Sadiye Eser e Sadık Topaloğlu erano stati prelevati rispettivamente dalle proprie abitazioni a Istanbul martedì scorso dagli uomini dei servizi di sicurezza. Per entrambi l’accusa è di “appartenenza a un’organizzazione illegale” basata sulla testimonianza di un collaboratore di giustizia anonimo.

L’avvocato di Eser e Topaloğlu, Özcan Kılıc. ne aveva chiesto il rilascio sottolineando che il testimone non avesse fornito prove concrete ma i giudici della Terza Corte del tribunale di Istanbul hanno rigettato la sua istanza.

La repressione mediatica, e di gran parte dei diritti del popolo turco, voluta dal governo e dal Partito per la giustizia e lo sviluppo, la formazione del presidente Recep Tayyip Erdogan, è andata ampliandosi dal fallito colpo di stato del luglio 2016.

Nonostante la revoca dello stato di emergenza nel luglio 2018, Ankara ha continuato ad arrestare decine di giornalisti e a o porre divieti di viaggio.

La Turchia mantiene un record globale di giornalisti incarcerati con oltre 170 colleghi dietro le sbarre, secondo un recente rapporto dell’International Press Institute.

Ma la repressione non si è abbattuta solo sugli operatori dell’informazione. È degli ultimi giorni l’ennesimo giro di vitenel Paese contro sindaci ed esponenti del partito filo-curdo Hdp.

Tre amministratori locali nella provincia orientale di Van, eletti lo scorso 31 marzo, e due co-sindaci (l’Hdp distribuisce ogni carica tra un uomo e una donna) sono stati arrestati sabato scorso con l’accusa di “terrorismo” per presunti legami con il Pkk.

Secondo il partito, la stretta è frutto di una strategia delle autorità di Ankara mirata a intensificare la pressione su iscritti ed elettori per ‘paralizzare’ l’Hdp in vista del congresso previsto a febbraio. La scorsa estate erano già finiti in manette i sindaci delle tre maggiori città curde in Turchia, compresa la ‘capitale’ Diyarbakir. Numerosi amministratori sono inoltre stati destituiti e sostituiti da commissari di nomina governativa.

In carcere da oltre tre anni resta anche l’ex leader del partito  e candidato presidente, Selahattin Demirtas. Ieri, come era già avvenuto nei giorni scorsi, è stato portato in ospedale dopo una crisi respiratoria.
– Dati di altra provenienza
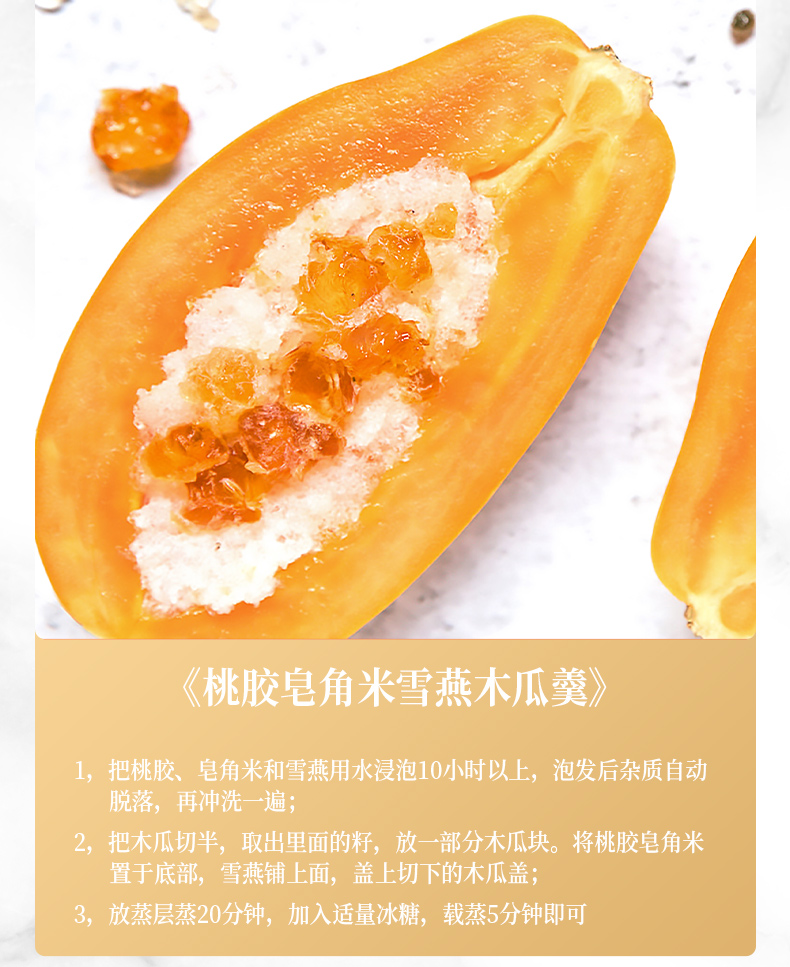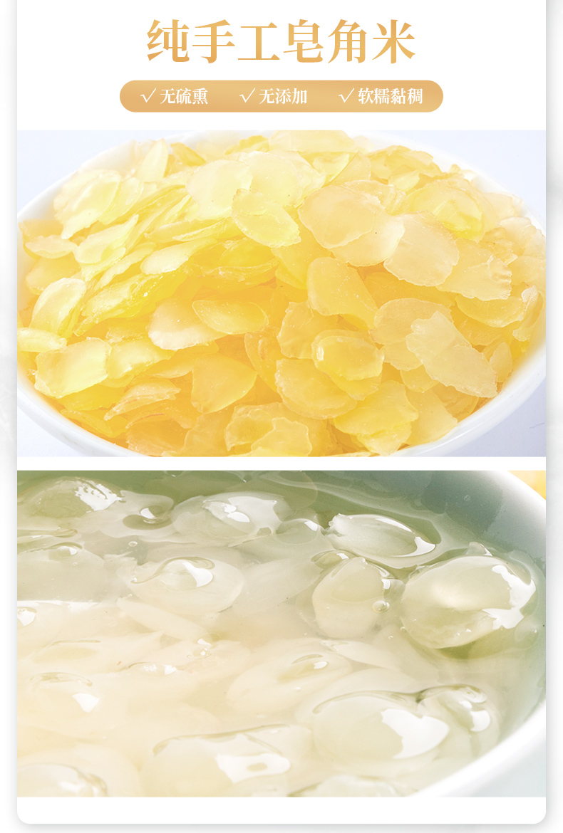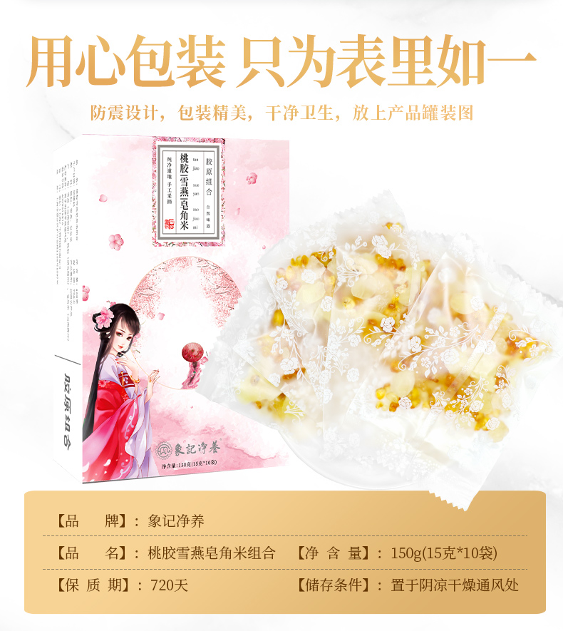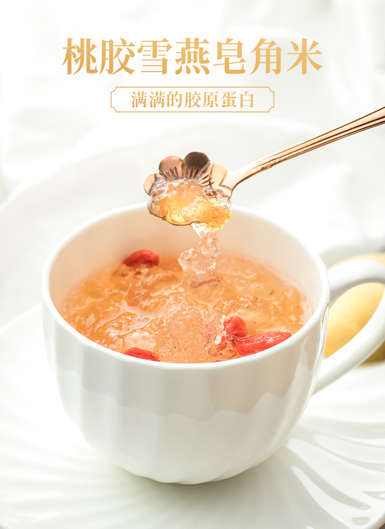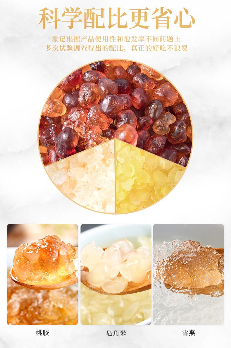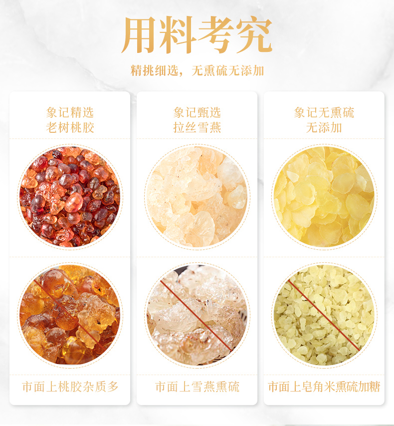 精选云南的优质桃胶、雪燕和皂角米,每一颗都蕴含着大自然的精华,桃胶、雪燕、皂角米3:1:1黄金比例精心调配,科学配比,营养均衡,不仅丰富了口感,增强美容效果让你由内而外散发自然光彩。
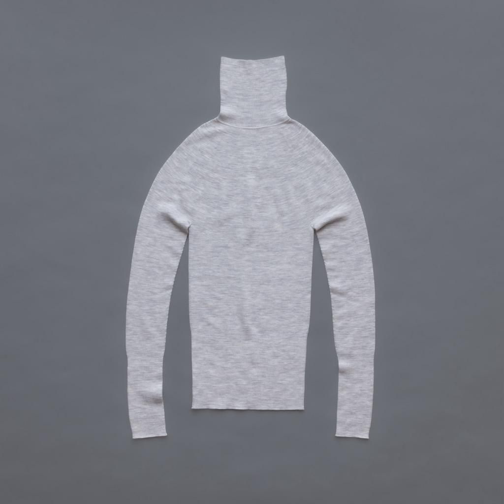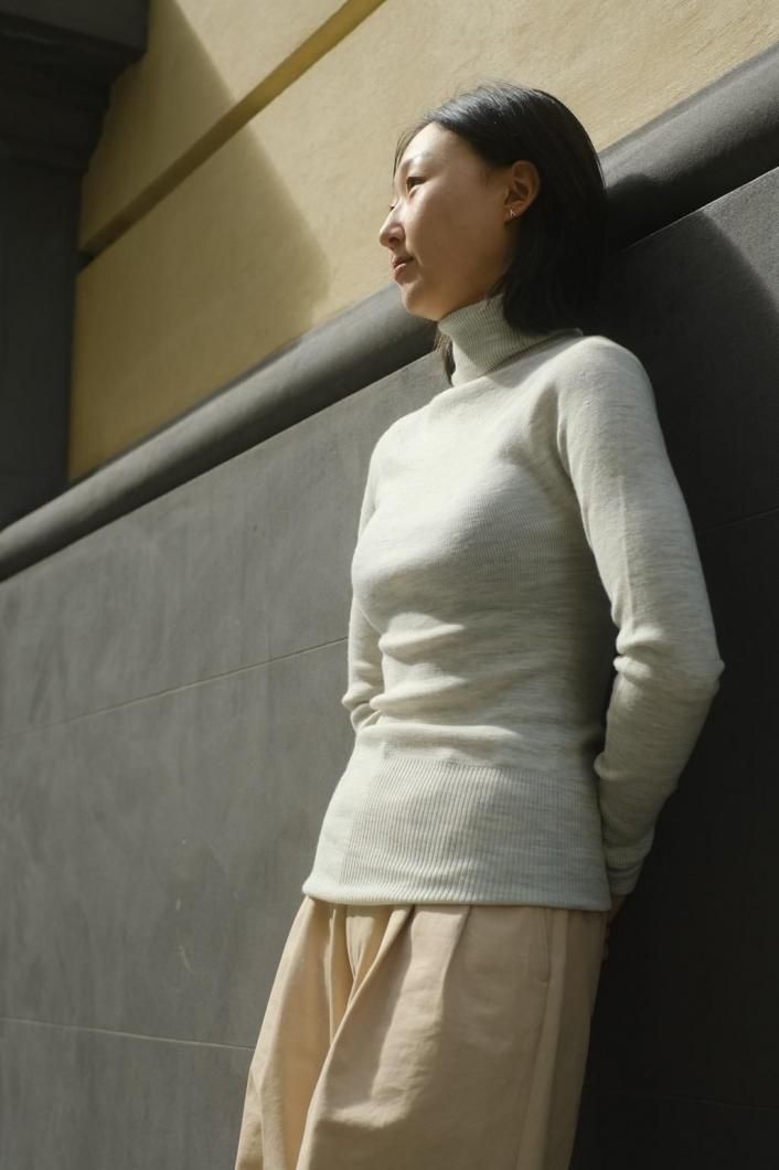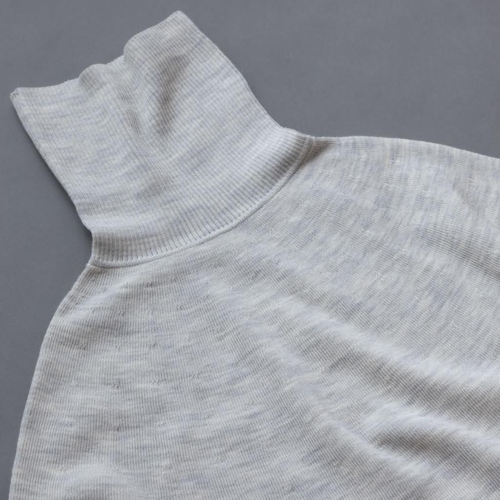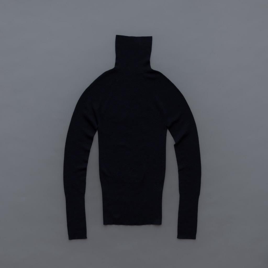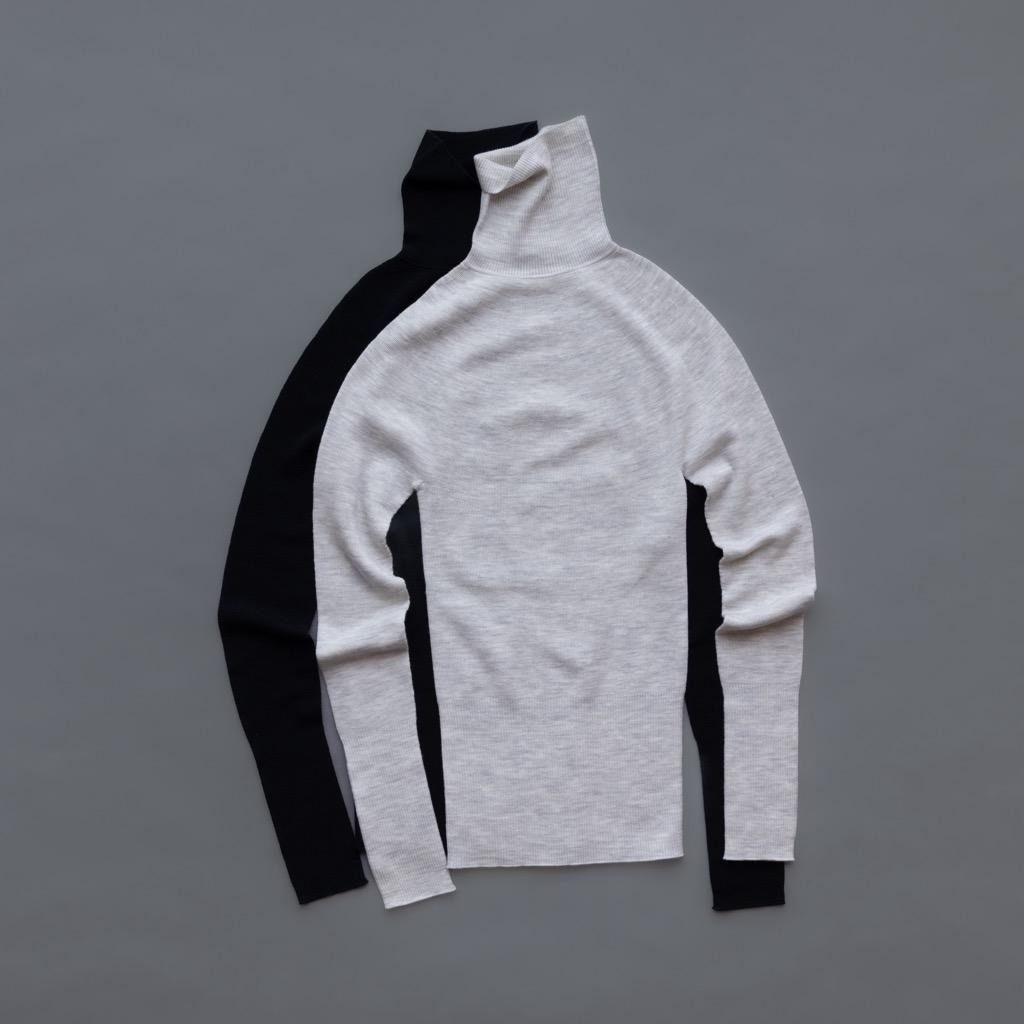 胸から首元に向かう求心線は、ホールガーメントならではの編み目。ミニマムで上質な美しさ醸し出しています。袖口や裾には少し長めのリブ編みを組合せて手首やお腹周りを優しくホールド。1枚のタートルネックの中にある豊かな編みの表情をお楽しみください

Il partito ha denunciati che per giorni non gli era stato permesso di essere visitato da medici fuori dalla prigione, malgrado fosse stato trovato svenuto in cella.

Nonostante le sue condizioni, dopo essere stato sottoposto ad accertamenti – tra cui una risonanza è una colonscopia –  Demirtas è stato riportato in cella.

Come lui migliaia di persone arrestate dal fallito golpe del 2016 restano in carcere con accuse mai provate e altre stanno subendo la stessa sorte.

Il finto stato di diritto’ in Turchia non garantisce più nessuno.